Jülich Supercomputing Center
Unlocking the Secrets of the Human Brain

Background
Germany’s Forschungszentrum Jülich is a large interdisciplinary research center focused on developing solutions that will have a direct impact on society in the areas of health, energy and information technology. Forschungszentrum Jülich hosts the Jülich Supercomputing Centre, one of Europe’s most powerful supercomputing resources, enabling scientists and engineers around the world to solve highly challenging and complex problems across a broad range of fields and disciplines.

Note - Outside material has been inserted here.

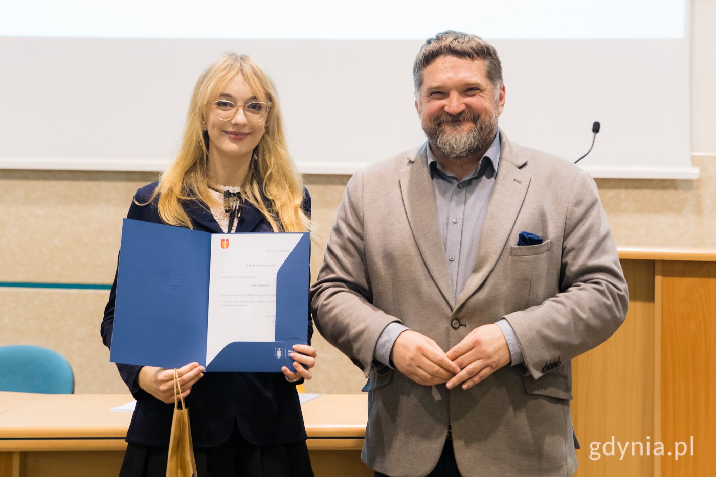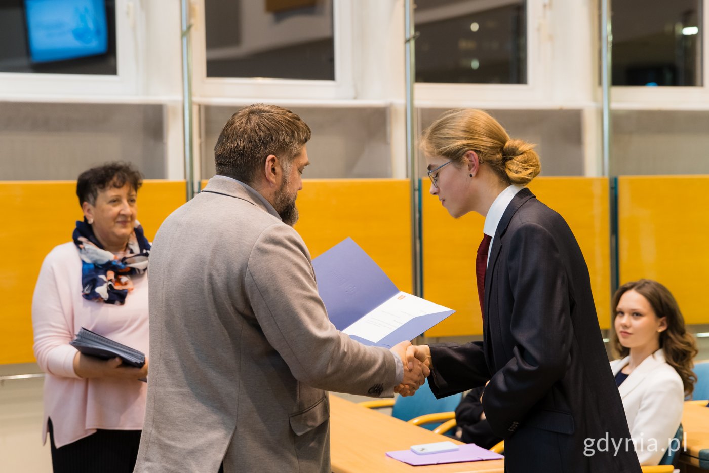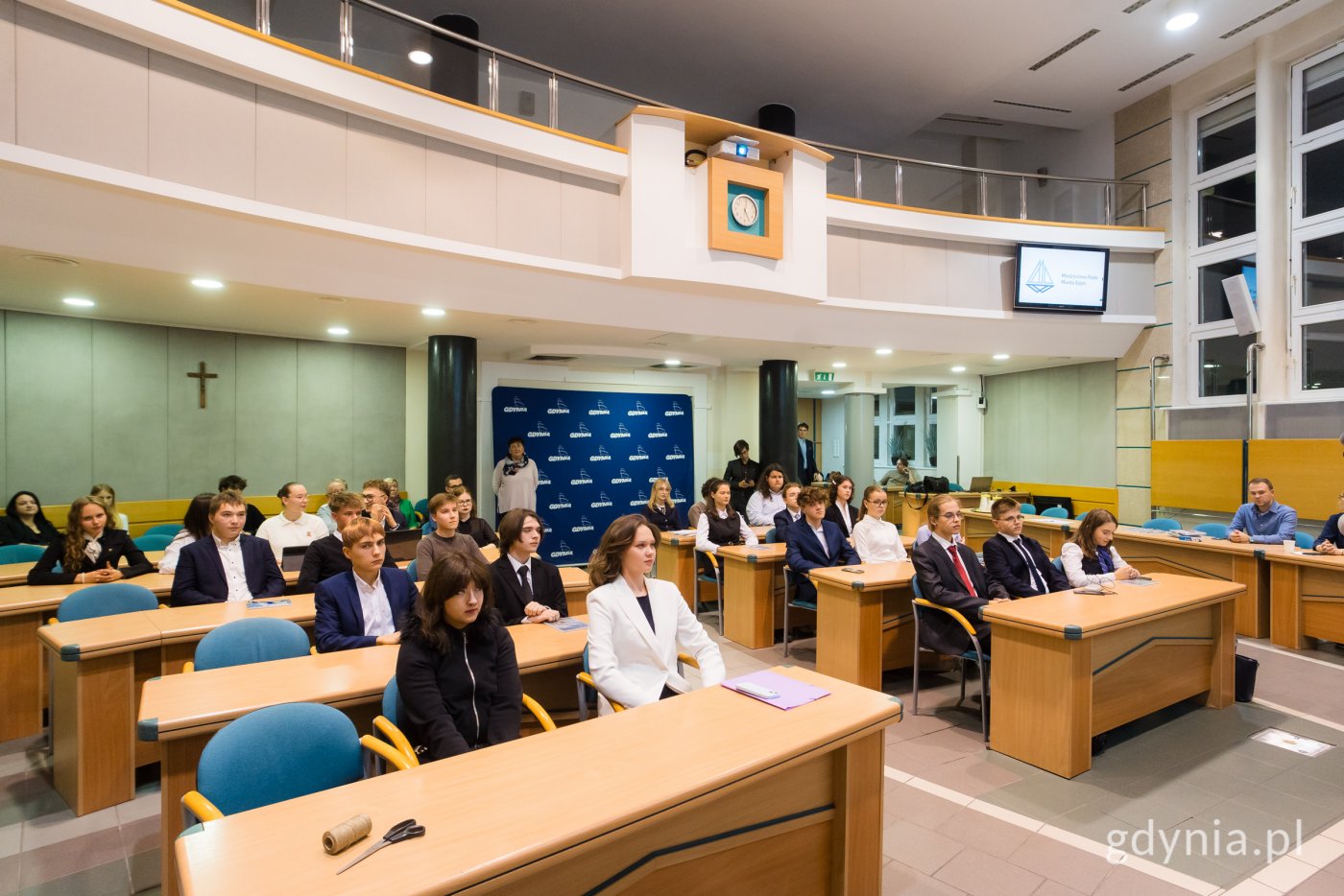 Młodzieżowa Rada Miasta IX kadencji rozpoczęła pracę. Podczas pierwszego posiedzenia 19 uczennic i uczniów złożyło ślubowanie i odebrało zaświadczenia stwierdzające objęcie mandatu. Wyłoniono również członków prezydium – funkcję przewodniczącej objęła uczennica Zuzanna Rybikowska, wiceprzewodniczącymi zostali: Aleksy Żukowski i Iga Drzewiecka, a sekretarzem Zofia Lubańska. Posiedzenie Młodzieżowej Rady Miasta IX kadencji rozpoczęło się w środę, 29 października, o godz. 17:00 w sali obrad Rady Miasta Gdyni. Pierwszą sesję rozpoczął przewodniczący Rady Miasta Tadeusz Szemiot. 19 uczennic i uczniów złożyło ślubowanie i odebrało zaświadczenia stwierdzające objęcie mandatu. Odnoszę wrażenie, że zainteresowanie Młodzieżową Radą Miasta sukcesywnie rośnie. Młodzież w coraz większym stopniu zaczyna interesować się działalnością społeczną. Staramy się stwarzać możliwości do rozwoju po to, aby młodzi ludzie mieli szansę zdobyć doświadczenie i mieć realny wpływ na otaczającą rzeczywistość – mówi Tadeusz Szemiot, przewodniczący Rady Miasta Gdyni. Radni bezwzględną większością głosów wyłonili prezydium. Funkcję przewodniczącej objęła Zuzanna Rybikowska. Wiceprzewodniczącymi zostali: Aleksy Żukowski i Iga Drzewiecka, natomiast sekretarzem Zofia Lubańska.Na zdjęciu (od lewej): sekretarz Zofia Lubańska, wiceprzewodnicząca Iga Drzewicka, przewodnicząca Zuzanna Rybikowska, wiceprzewodniczący Aleksy Żukowski (fot. Paweł Budziński)Młodzieżowi radni IX kadencji: Marcel Biały, Kamil Brodowski, Hanna Brzozowska, Iga Drzewiecka, Maja Firgon, Piotr Januka, Mariusz Jaroń, Milena Kamińska, Zofia Lubańska, Mariusz Paczul, Kamil Pałka, Zuzanna Rybikowska, Tomasz Sowiński, Apolonia Torłopp, Wiktoria Trykowska, Katsiaryna Tskhanovich, Ignacy Urbański, Maciej Wyszyński, Aleksy Żukowski. Radni zapowiadają, że będą chcieli skupić się na wysłuchaniu potrzeb gdyńskiej młodzieży i kontynuowaniu inicjatyw rozpoczętych przez uczennice i uczniów minionych kadencji. Jestem totalnie zaskoczona. Przede wszystkim będę chciała skupić się na wysłuchaniu potrzeb i pomysłów wszystkich radnych. Osobiście zamierzam prowadzić konferencję dla młodzieży podczas Dnia Świadomości Autyzmu – mówi Zuzanna Rybikowska, przewodnicząca Młodzieżowej Rady Miasta. – Ponownie planuję wyruszyć z Kongresem Świadomości Zdrowia Psychicznego, tym razem chciałabym, żeby ten projekt ruszył w różnych miastach. Chciałąbym, aby każde miasto miało swoją tematykę, jedno zajmie się lękami, drugie odżywianiem, a trzecie uzależnieniami. Czym zajmuje się Młodzieżowa Rada Miasta? Celem powołania Młodzieżowej Rady Miasta jest przede wszystkim włączenie młodzieży w procesy podejmowania decyzji, które dotyczą młodych osób oraz ich najbliższego otoczenia. Rada ma reprezentować młode mieszkanki i mieszkańców Gdyni, ale również prowadzić działania na rzecz upowszechniania wśród nich idei samorządności i kształtowania postaw obywatelskich. Zakres celów, jakie może realizować młodzieżowa rada jest szeroki, należą do nich m.in.: upowszechnianie wśród młodych osób wiedzy o samorządzie terytorialnym, włączenie młodzieży w procesy konsultacyjne, dostarczenie młodzieży narzędzi i wiedzy o uczestnictwie w debacie publicznej, udział młodzieży w procesach kształtowania lokalnych polityk, ze szczególnym uwzględnieniem polityki młodzieżowej, budowa świadomości obywatelskiej, zwiększanie zaangażowania w procesy tworzenia projektów i inwestycji pod kątem młodych mieszkańców i mieszkanek gminy/miasta, inicjowanie działań na rzecz młodzieży, kształtowanie postaw dotyczących samorządności. Spotkania Młodzieżowej Rady Miasta IX kadencji będą odbywać się cyklicznie w ostatni czwartek miesiąca. Najbliższa sesja odbędzie 27 listopada o godz. 17:00 w sali obrad Rady Miasta Gdyni.Życzymy owocnych obrad! Galeria zdjęć Pobierz galerię Pierwsze posiedzenie Młodzieżowej Rady Miasta odbyło się w sali obrad Rady Miasta (fot. Paweł Budziński) Pobierz zdjęcie Tadeusz Szemiot, przewodniczący Rady Miasta Gdyni (fot. Paweł Budziński) Pobierz zdjęcie Na zdjęciu (od lewej): Ignacy Urbański, Hanna Brzozowska, Maciej Wyszyński (fot. Paweł Budziński) Pobierz zdjęcie Agnieszka Tokarska, radna (fot. Paweł Budziński) Pobierz zdjęcie Posiedzenie odbyło się w sali obrad Rady Miasta (fot. Paweł Budziński) Pobierz zdjęcie Zuzanna Rybikowska, przewodnicząca Młodzieżowej Rady Miasta (fot. Paweł Budziński) Pobierz zdjęcie Dominik Aziewicz, radny (fot. Paweł Budziński) Pobierz zdjęcie Radni IX kadencji (fot. Paweł Budziński) Pobierz zdjęcie Na zdjęciu: Tadeusz Szemiot, przewodniczący Rady Miasta i Marcel Biały, radny Młodzieżowej Rady Miasta (fot. Paweł Budziński) Pobierz zdjęcie Na zdjęciu (od lewej): Kamil Brodowski, radny Młodzieżowej Rady Miasta i Tadeusz Szemiot, przewodniczący Rady Miasta (fot. Paweł Budziński) Pobierz zdjęcie Na zdjęciu (od lewej): Iga Drzewiecka, radna Młodzieżowej Rady Miasta, Tadeusz Szemiot, przewodniczący Rady Miasta (fot. Paweł Budziński) Pobierz zdjęcie Na zdjęciu (od lewej): Maja Firgon, radna Młodzieżowej Rady Miasta, Tadeusz Szemiot, przewodniczący Rady Miasta (fot. Paweł Budziński) Pobierz zdjęcie Na zdjęciu (od lewej): Paweł Januka, radny Młodzieżowej Rady Miasta, Tadeusz Szemiot, przewodniczący Rady Miasta (fot. Paweł Budziński) Pobierz zdjęcie Na zdjęciu (od lewej): Mateusz Jaroń, Tadeusz Szemiot, przewodniczący Rady Miasta (fot. Paweł Budziński) Pobierz zdjęcie Na zdjęciu (od lewej): Zofia Lubańska, sekretarz Młodzieżowej Rady Miasta, Tadeusz Szemiot, przewodniczący Rady Miasta (fot. Paweł Budziński) Pobierz zdjęcie Na zdjęciu (od lewej): Mariusz Paczul, radny Młodzieżowej Rady Miasta, Tadeusz Szemiot, przewodniczący Rady Miasta (fot. Paweł

Neuroscience is among the increasingly important research focus areas at Forschungszentrum Jülich, and researchers at Jülich are undertaking a new approach to advanced neuroscience research aimed at combating a number of neurological diseases.

Challenge
Autism, multiple sclerosis and Alzheimer’s disease are among the most debilitating neurological diseases affecting millions of individuals worldwide. While much progress has been made to advance understanding of these serious ailments, researchers continue to search for better treatments and cures.

Unlocking the mysteries behind these neurological disorders requires an intimate understanding of the structure and inner-workings of the human brain, its network of 100 billion neurons, and the short- and long-distance interconnections of each of these neurons throughout all the different sections of the brain.

One way to study the structure and function of the brain is to develop sophisticated computer models. However, creating a realistic model with the required precise level of detail

is an extremely complex and intricate process requiring tremendous computational resources.

Solution
Researchers from the Jülich Institute of Neuroscience and Medicine (INM-1) took a unique approach to creating an accurate highly detailed computer model of the human brain by combining a vast collection of data sets. These included images of histologic sections (microscopic tissue) and magnetic resonance images.

They also utilized images from an advanced 3D polarized light imaging (3D-PLI) technique developed at INM-1, which provides highly detailed information about the direction and the inclination of nerve fiber tracts in the brain at a sub-millimeter resolution.

INM-1 leveraged Jülich’s GPU-accelerated supercomputers to build the computer model, including the 206-node Jülich Dedicated GPU Environment (JuDGE) system, which is equipped with NVIDIA® Tesla® GPUs.

GPUs enabled researchers to accelerate by as much as 50x the reconstruction of the histologic brain sections, and to render a high-definition, structurally accurate and realistic model of the human brain.

Impact
Once fully developed, the 3D model of the brain developed by Jülich will give researchers a previously unattainable level of visibility into brain architecture, function and interconnections, with levels of detail never before available to neuroscientists.

It is expected to shed new light on the causes of some of the most serious and debilitating neurological diseases, which may ultimately lead to new and more effective treatments.

Jülich plans to leverage key learnings from its neuroscience  research as a blueprint for other advanced GPU-accelerated research across a range of other scientific fields.